*EXTRACTED RECORDS*
★ ★ ★ ★ ★ ★ ★
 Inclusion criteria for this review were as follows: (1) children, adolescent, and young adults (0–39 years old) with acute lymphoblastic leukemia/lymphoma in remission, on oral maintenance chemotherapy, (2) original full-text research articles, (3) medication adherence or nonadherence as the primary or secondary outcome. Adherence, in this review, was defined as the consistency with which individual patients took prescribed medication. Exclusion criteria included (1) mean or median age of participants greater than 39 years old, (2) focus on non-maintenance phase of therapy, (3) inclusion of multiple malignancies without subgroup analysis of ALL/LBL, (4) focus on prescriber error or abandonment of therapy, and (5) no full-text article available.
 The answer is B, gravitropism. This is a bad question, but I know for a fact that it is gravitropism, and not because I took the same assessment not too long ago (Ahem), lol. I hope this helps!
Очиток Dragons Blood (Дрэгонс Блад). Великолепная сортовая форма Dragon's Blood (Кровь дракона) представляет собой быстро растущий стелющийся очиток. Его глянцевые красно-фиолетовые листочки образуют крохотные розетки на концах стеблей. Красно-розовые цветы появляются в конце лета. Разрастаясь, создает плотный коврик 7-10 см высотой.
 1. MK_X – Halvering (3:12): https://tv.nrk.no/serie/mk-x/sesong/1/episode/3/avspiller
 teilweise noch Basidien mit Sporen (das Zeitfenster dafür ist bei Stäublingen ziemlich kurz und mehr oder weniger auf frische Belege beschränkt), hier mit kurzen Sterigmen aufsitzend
★ ★ ★ ★ ★ ★ ★
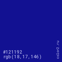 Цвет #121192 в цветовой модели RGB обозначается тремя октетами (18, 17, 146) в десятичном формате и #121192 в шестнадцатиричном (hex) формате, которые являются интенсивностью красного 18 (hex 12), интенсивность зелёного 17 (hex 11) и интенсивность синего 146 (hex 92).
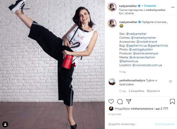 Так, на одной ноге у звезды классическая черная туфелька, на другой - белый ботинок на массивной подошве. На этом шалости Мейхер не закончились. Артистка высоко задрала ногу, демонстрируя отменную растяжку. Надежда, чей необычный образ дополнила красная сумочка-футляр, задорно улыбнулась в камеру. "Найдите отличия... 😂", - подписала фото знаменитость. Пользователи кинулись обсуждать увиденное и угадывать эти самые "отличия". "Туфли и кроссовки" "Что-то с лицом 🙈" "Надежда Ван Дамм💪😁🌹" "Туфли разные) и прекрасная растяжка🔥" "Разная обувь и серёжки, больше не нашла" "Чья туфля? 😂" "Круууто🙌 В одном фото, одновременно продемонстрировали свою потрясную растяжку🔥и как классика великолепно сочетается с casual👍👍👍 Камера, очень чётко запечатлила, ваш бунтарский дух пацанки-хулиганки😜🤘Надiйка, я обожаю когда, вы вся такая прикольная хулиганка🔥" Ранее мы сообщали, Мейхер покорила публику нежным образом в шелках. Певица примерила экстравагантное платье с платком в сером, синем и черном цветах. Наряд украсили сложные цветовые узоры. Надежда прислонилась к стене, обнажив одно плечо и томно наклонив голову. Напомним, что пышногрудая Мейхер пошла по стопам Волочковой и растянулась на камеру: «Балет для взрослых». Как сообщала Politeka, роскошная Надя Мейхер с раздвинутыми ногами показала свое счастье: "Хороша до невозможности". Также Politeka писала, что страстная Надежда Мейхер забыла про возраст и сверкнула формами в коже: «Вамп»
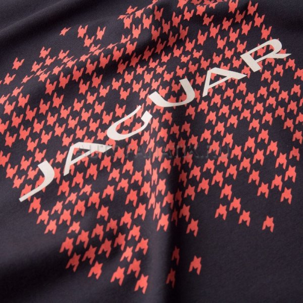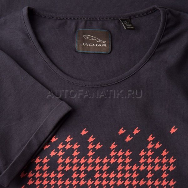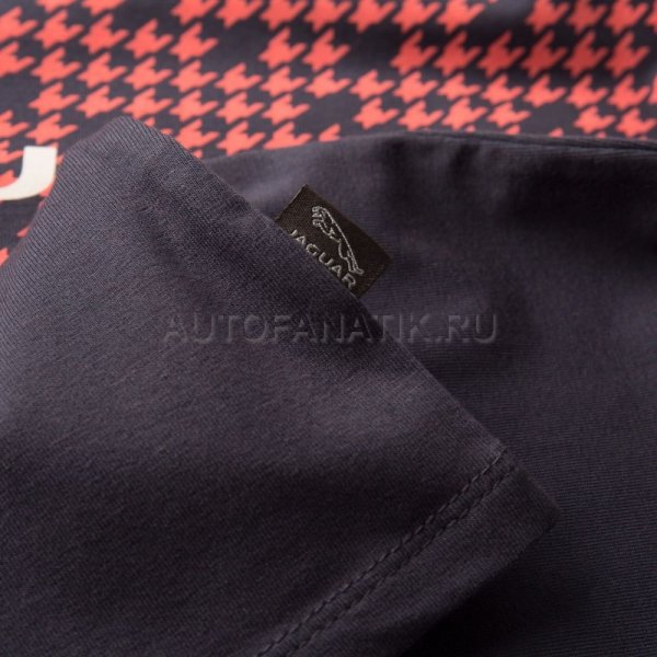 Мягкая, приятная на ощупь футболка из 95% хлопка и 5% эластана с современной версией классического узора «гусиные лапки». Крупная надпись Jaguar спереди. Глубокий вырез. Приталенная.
★ ★ ★ ★ ★ ★ ★
*DESCRIPTION OF THE TASK*
Where a line above includes "this", copy that line.

*EXERCISE RESPONSE*
 Inclusion criteria for this review were as follows: (1) children, adolescent, and young adults (0–39 years old) with acute lymphoblastic leukemia/lymphoma in remission, on oral maintenance chemotherapy, (2) original full-text research articles, (3) medication adherence or nonadherence as the primary or secondary outcome. Adherence, in this review, was defined as the consistency with which individual patients took prescribed medication. Exclusion criteria included (1) mean or median age of participants greater than 39 years old, (2) focus on non-maintenance phase of therapy, (3) inclusion of multiple malignancies without subgroup analysis of ALL/LBL, (4) focus on prescriber error or abandonment of therapy, and (5) no full-text article available.
 The answer is B, gravitropism. This is a bad question, but I know for a fact that it is gravitropism, and not because I took the same assessment not too long ago (Ahem), lol. I hope this helps!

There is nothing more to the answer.